Młóto browarniane to produkt uboczny procesu destylacji, a przy tym wysoce pożywna pasza dla bydła. Niezbędne do produkcji piwa, po przejściu ziaren przez zacier, staja się odpadem, z którym browary niekoniecznie mają co zrobić. Na szczęście młóto znajduje zastosowanie w rolnictwie, a hodowcy chętnie dodają je do pasz dla zwierząt.

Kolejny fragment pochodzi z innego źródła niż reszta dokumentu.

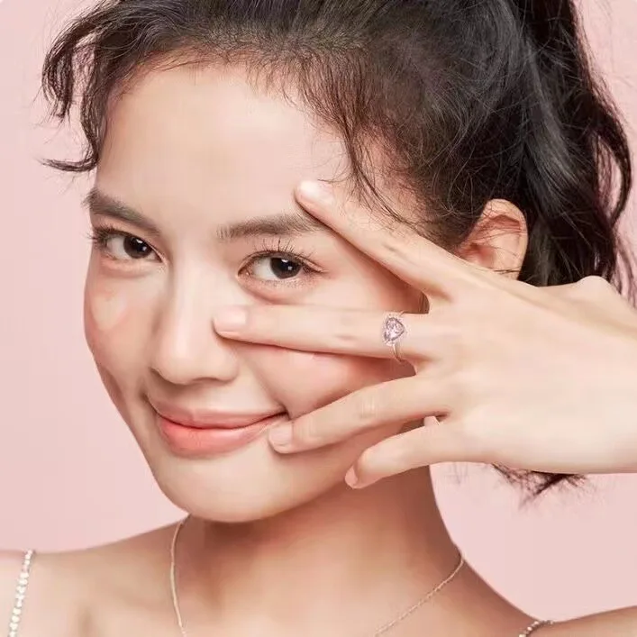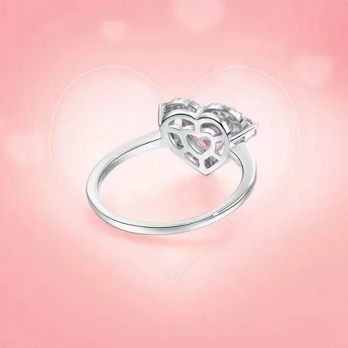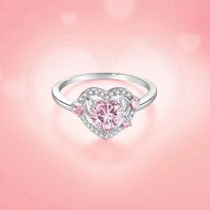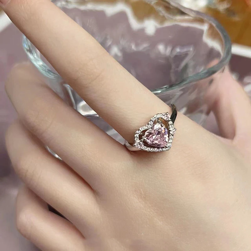 Lizakosht Y2K Pink Crystal Double Heart Ring Vintage Shiny Zircon Opal Love Open Ring for Women Girl Engaged Wedding Jewelry Gifts
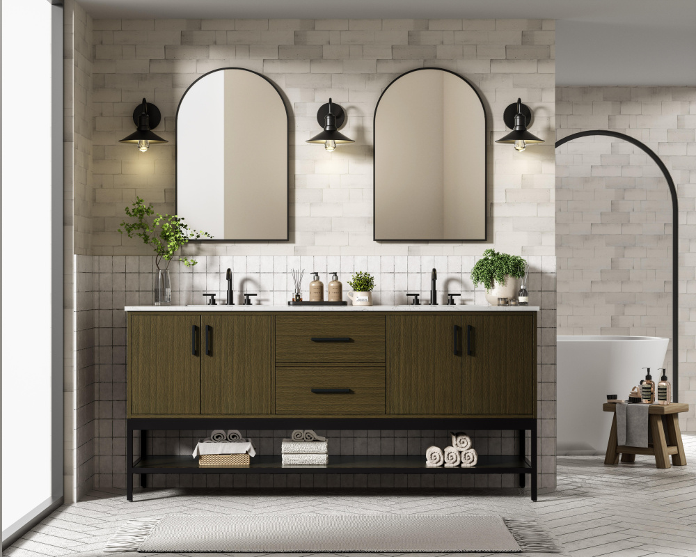Upgrade your bathroom with this modern bathroom vanity that combines form and function effortlessly. Its sleek wood veneer cabinetry, paired with a bold black metal frame, brings a clean, contemporary vibe to any space. Designed with practicality in mind, this vanity offers soft-close drawers and cabinets to organize your essentials, as well as an open lower shelf for added storage or display. The durable white quartz countertop is built to withstand daily use, while the undermount ceramic sink ensures easy maintenance. Complete with matte black hardware and pre-drilled features for effortless installation, this vanity is the perfect centerpiece to refresh your bathroom with style and efficiency.
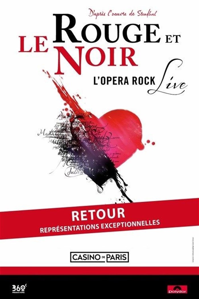 Les amours secrètes et adultères de Julien Sorel et de Mme de Rênal font écho à des sentiments intemporels et d'une criante actualité. L'ambition, la réussite sociale, la passion, la religion, la jalousie, la séduction, l'amour, la mort sont les thèmes de cette bouleversante histoire riche en émotions. Joué en Live, par une troupe de chanteurs/comédiens accompagnée d'un groupe de musiciens, ce grand classique revisité dans une mise en scène novatrice et inspirée, devient un Opéra Rock aussi moderne que bouleversant.

Z czego składa się młóto browarniane?

Do warzenia piwa używa się różnych składników, nawet jeśli gatunki piwa są podobne, to każdy z nich może być zupełnie innej jakości, charakteryzować się odmiennym smakiem czy barwą. Ma to związek z zastosowaniem różnych gatunków chmielu, drożdży i sposobu przetwarzania słodów. Jakość i skład wysłodków jest uzależniony od składu chemicznego ziaren, które zostają po odfiltrowaniu brzeczki. Młóto browarniane skład może posiadać różne wartości odżywcze, a wynika to z faktu, że firmy sprzedające ten surowiec korzystają z usług kilku browarów. Dla ułatwienia przyjmuje się określone kryteria, uśredniające zawartość poszczególnych składników w wysłodkach. Świeże młóto składa się z:

  • białka 7,4 – 10, proc.

  • tłuszczu 1,4 – 2,1 proc.

  • włókien błonnika 3,1 – 4,4 proc.

  • popiół poniżej 1,1 proc.

  • składniki mineralne 0,9 – 1,3 proc.

  • Wartość energetyczna 0,4 – 0,5 MJ/kg

Suszenie i kiszenie młóta browarnianego

Można by powiedzieć, że świeże młóto nie różni się zbyt wiele od żywności przeznaczonej dla ludzi. Tak samo jest poddawane rożnym procesom w celu przedłużenia trwałości podczas, których dochodzi do pewnych zmian w składzie chemicznym i modyfikacji wartości odżywczych. Należy zaznaczyć, że nie są to negatywne zmiany, a na ogół to co zostaje utracone, przyczynia się do pozyskania czegoś innego. Tak jest w przypadku wysłodzin, które są suche, ponieważ w trakcie suszenie zostają wzbogacone w białko, a jego ilość wzrasta do 36,5 – 37,8 proc. Oprócz tego zwiększa się ilość tłuszczu do 7,6 proc., błonnika do 16 proc., i składników mineralnych do ok 5 proc. i wartości energetycznej do 11,7 MJ/kg. Jak łatwo można zauważyć, niektóre ilości części składników rosną aż pięciokrotnie. Co do zasady, suchy produkt musi być odpowiednio dozowany i podawany w mniejszych ilościach. W kiszonce, natomiast, wartości poszczególnych składników rosną o 1 do 2 proc., a to z kolei wynika z odpompowania dużej ilości soków kiszonkowych, co ma bezpośredni wpływ na zmniejszoną masę produktu.

Podsumowując krótko temat składu młóta browarnianego, jest to świetny przykład tego, jak coś, będąc odpadem poprodukcyjnym, może zyskać ogromne znacznie w hodowli zwierząt.